California has been a huge recipient of one-time federal COVID-19 dollars for education, with $23 billion pouring into the state’s coffers from Washington.
On top of this federal funding, California public schools have received $18 billion in one-time state funding to address pandemic-related issues.
Unfortunately, while some California public schools have spent these funds to address student-learning needs, many have not spent their tax dollars well.
An investigation last year by CalMatters found that California public schools “had wildly different approaches to stimulus spending—from laptops to shade structures to an ice cream truck,” with no central database “to show the public exactly where the money went.”
In view of the fact that significant majorities of the state’s students fail to perform at grade level in math and English, the Los Angeles Times recently noted, “School districts across California have received billions of dollars to address pandemic learning setbacks—with uncertain results.”
While increased funding has produced little return on investment among school districts in California, a new University of Arkansas study shows that charter schools in cities across the country have delivered real bang for the buck.
Charter schools are publicly funded schools that are independent from school districts, free of many government regulations, and commit to meeting student-outcome goals.

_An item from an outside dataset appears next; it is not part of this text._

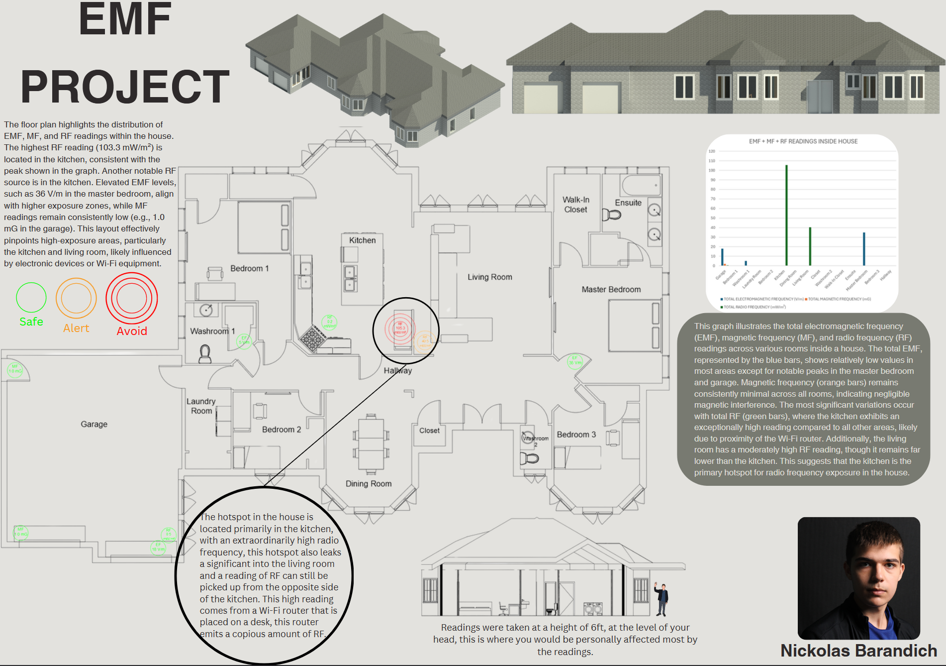 This project was centered on drafting, building modeling, measurement methodology, and analysis. I recreated a fully furnished floor plan of my house in AutoCAD, built a matching 3D Revit model, and used both to organize and explain EMF readings by room and location.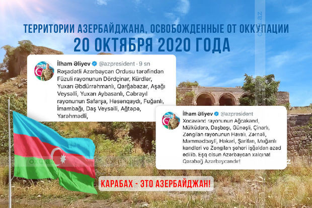 Oxu.Az напоминает, что 20 октября 2020 года азербайджанская армия освободила от врага села Дердчинар, Кюрдлер, Юхары Абдуррахманлы, Гаргабазар, Ашагы Вейселли, Юхары Айбасанлы Физулинского района, Сафарша, Гасангайды, Фуганлы, Имамбагы, Даш Вейселли, Агтепе, Ярахмедли - Джебраильского, Агджакенд, Мюлкюдере, Дашбаши, Гюнешли, Чинарлы - Ходжавендского, Хавалы, Мамедбейли, Шерифан, Муганлы и поселок Хакари Зангиланского районов, а также сам город Зангилан.

The study calculates the short-term cost-effectiveness and longer-term return on investment and then compares charter schools with regular public schools based on these measurements.
The study authors define cost-effectiveness as points scored on the National Assessment of Educational Progress eighth-grade reading and math exams per $1,000 in funding allocated per pupil.

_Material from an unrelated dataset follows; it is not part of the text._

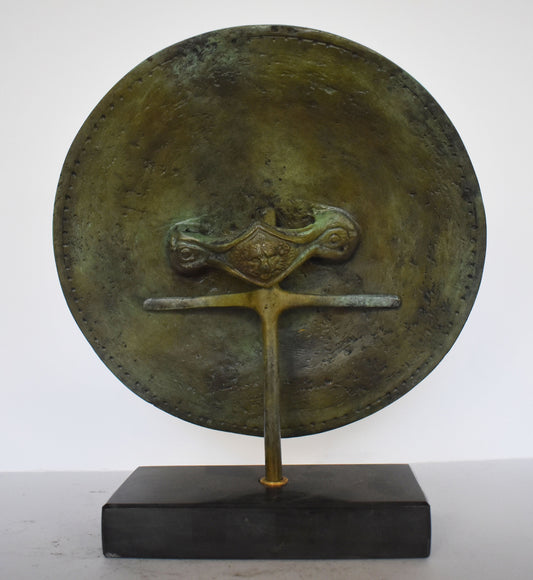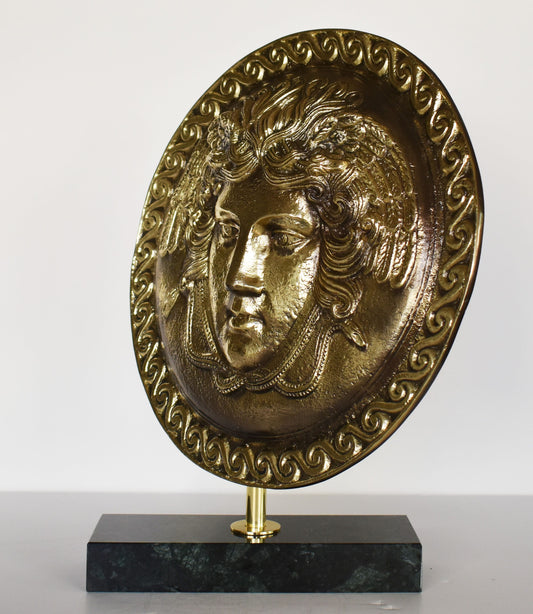 Ancient Greek Shield - Medusa Head - marble base - Museum Replica - pure Bronze Sculpture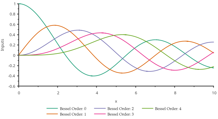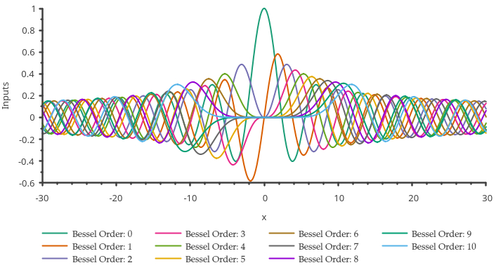 plot.drawCurve(inputs, vectorMap["J" + std::to_string(0)]).label("Bessel Order: "+std::to_string(order));

They define return on investment as the amount students will earn in their lifetimes per dollar invested in their education.
The study looks at data from nine cities: Camden, NJ, Denver, CO, Houston, TX, Indianapolis, IN, Memphis, TN, New Orleans, LA, New York City, NY, San Antonio, TX, and Washington, DC.
According to the study’s cost-effectiveness findings, charter school students scored higher on the NAEP exams “compared to a matched [traditional public school] student, per $1,000 received by their school for their education each year.”
Specifically, the researchers found “that charter schools demonstrate an approximately 40 percent higher level of cost-effectiveness than [traditional public schools] on average across nine cities.”
With regard to return on investment, the study found that if a student attended a regular public school for 13 years, then for every dollar invested in a regular public school there was a $3.94 return on that dollar invested.
In contrast, if a student attended a charter school for 13 years, then for every dollar invested there was a $6.25 return on that dollar invested.
Thus, the study estimates “that attending a charter school for 13 years, compared to a [traditional public school], increases the [return on investment] by 58.4 percent (about $2.30 in additional returns per dollar invested.).”
Crucially, the student demographics at the charter schools in the nine cities were either more challenging or nearly identical to the demographics at their regular public school counterparts.
For example, there were significantly more low-income students at charter schools in Camden, Denver, Houston, and Indianapolis than at the regular public schools in those cities.
The funding difference between charter schools and regular public schools was often stark.
In 2020, regular public schools in Camden received $39,611 per student, while charter schools received about half of that amount–$19,900.
The authors of the study conclude: “Our report suggests that [traditional public school] leaders could learn lessons from charter school operators who have already been operating on much tighter budgets without sacrificing academic quality.”
California policymakers should heed this conclusion and stop making it harder for charter schools to get started and to operate. With less education funding on the horizon, charter schools have much to teach the regular public schools about doing more with less.
Lance Izumi is senior director of the Center for Education at the Pacific Research Institute. He is the author of the PRI book Choosing Diversity: How Charter Schools Promote Diverse Learning Models and Meet the Diverse Needs of Parents and Children.